The preemptive effect of valid arbitration agreements to preclude lawsuits in court, even class actions via arbitration clause class action waivers, has been reinforced by the U.S. Supreme Court time and again in recent years. My column “Arbitration Clause Class Waivers Upheld Again” (N.Y.L.J., Feb. 17, 2016) discussed salient case law. For a more copious legal study, see M. Hoenig and L. Brown, “Arbitration and Class Action Waivers Under Concepcion: Reason and Reasonableness Deflect Strident Attacks,” 68 Ark. L. Rev. 669 (December 2015). Indeed, just on May 15, The Supreme Court issued its decision in Kindred Nursing Centers L.P. v. Clark, 2017 U.S. LEXIS 2948, ruling that a nursing home’s arbitration agreement had to be enforced as preempting tort claims for injuries filed in Kentucky courts.

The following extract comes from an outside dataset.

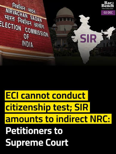 SIR के खिलाफ सुनवाई, सुप्रीम कोर्ट ने फैसला सुरक्षित रखा:याचिकाकर्ता बोले- ECI मनमानी नहीं कर सकता, चुनाव अधिकारी अदालत नहीं जो नागरिकता तय करेंगे

The spearhead high court decision holding that valid arbitration clauses preemptively trump lawsuits—even class actions where the arbitration clause contains a class action waiver—is AT&T Mobility v. Concepcion, 563 U.S. 333 (2011). In December 2015, the court’s decision in DIRECTV v. Imburgia, 136 S. Ct. 463, again upheld a class arbitration waiver clause in a consumer service agreement. The court observed that, while lower court judges can note their disagreement with Concepcion, “[n]o one denies that lower courts must follow” Concepcion. The Federal Arbitration Act “is a law of the United States and Concepcion is an authoritative interpretation of that Act. Consequently, the judges of every State must follow it.” DIRECTV, 2015 U.S. LEXIS 7999, at *9-*10.